What I Keep

Melissa Fournier ~

Inked footprints on paper
a one-ounce trial size
   of Johnson’s Head-to-Toe Baby Wash
   one-quarter gone
a striped receiving blanket and knit hat
   folded inside a clear plastic bag
   zipped to preserve her scent
a vial of holy water
   one-third gone
a dried white rose entwined with baby’s breath
two hospital bracelets
one sonogram picture at seven weeks
three sonogram pictures at twenty weeks
a urine-imbued double-pink-lined stick
   which I hold like proof
   the way Thomas held out his blood-
   and-water-soaked finger
   after removing it from Christ’s
   pierced side

About the poet:

Melissa Fournier is a perinatal and pediatric hospice social worker, and program director of a nonprofit bereavement center in Traverse City, MI. Her poetry has appeared in Dunes Review and The Sow’s Ear Poetry Review, and she received the 2013 William J. Shaw Prize for Poetry awarded by Michigan Writers, a nonprofit group dedicated to helping local writers hone their craft and publish their work.
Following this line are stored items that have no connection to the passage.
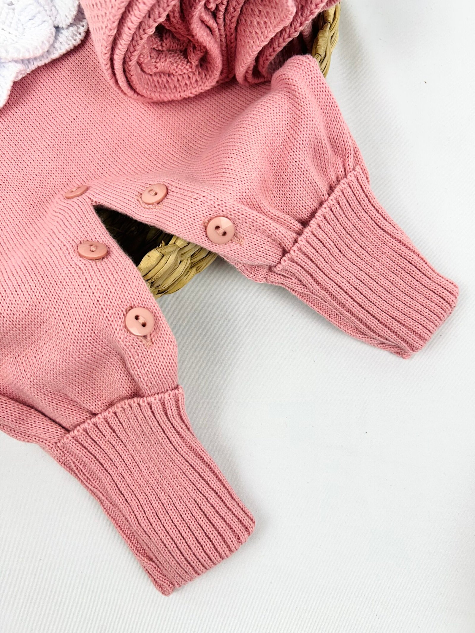 Disponível no tamanho unico, indicado para 0 a 3 meses. As cores disponíveis são: rose e rosa.
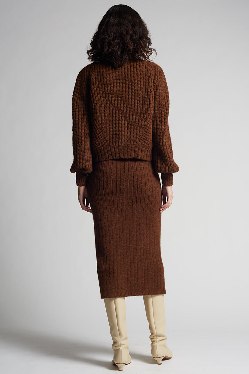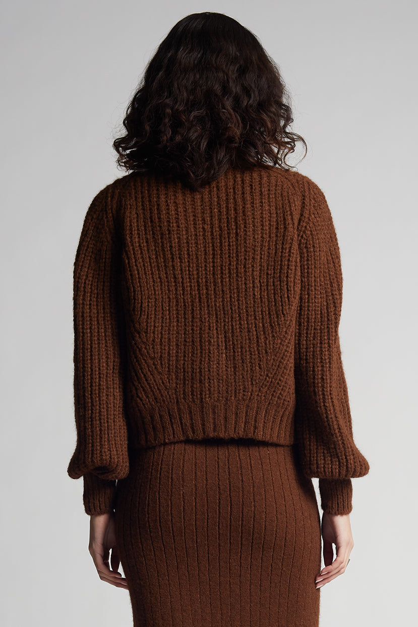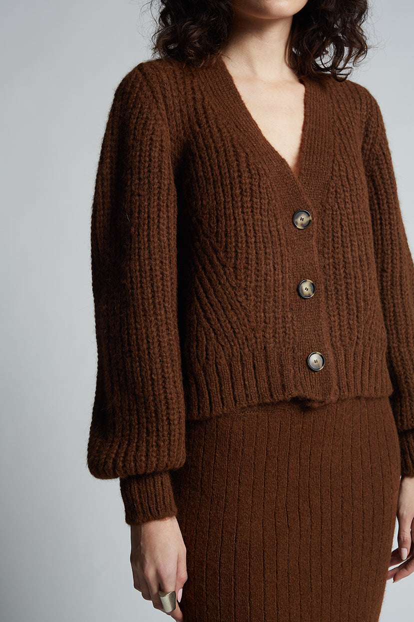 This brown alpaca cardigan combines soft texture and refined design in a timeless silhouette. Crafted from luxurious alpaca yarn, it features feminine blouson sleeves, a slightly cropped shape, and three statement buttons for a polished finish.
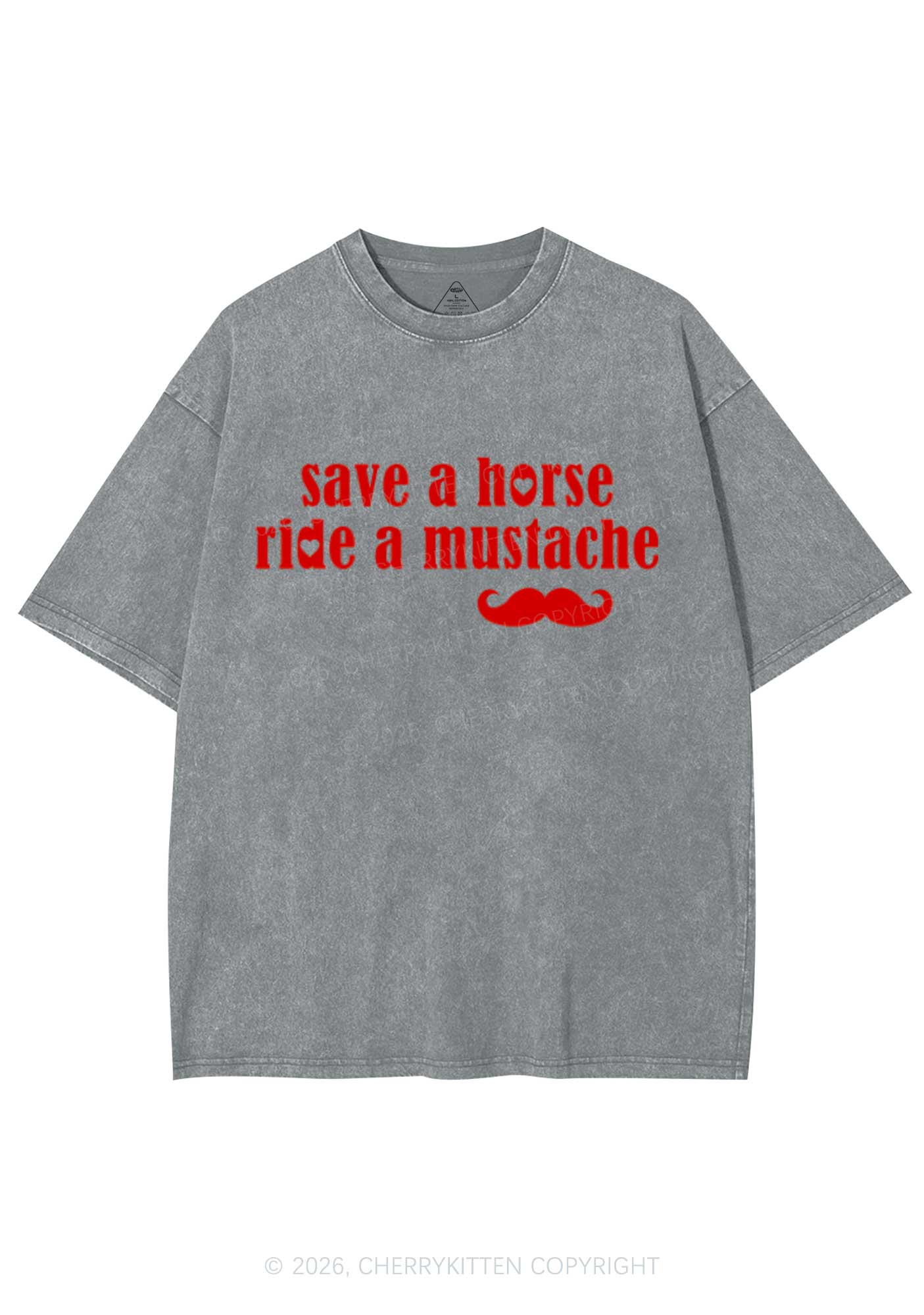 Ride A Mustache Valentine's Day Y2K Shirts Washed Tee Cherrykitten

She also facilitates Writing Through Loss, a therapeutic writing program for individuals grieving the death of a loved one.

About the poem:

“This poem was inspired by my disbelief over the death of my daughter, Camille Grace, born on the very edge of viability and held for the entirety of her ninety-minute life. Yes, she was here, and she is risen.”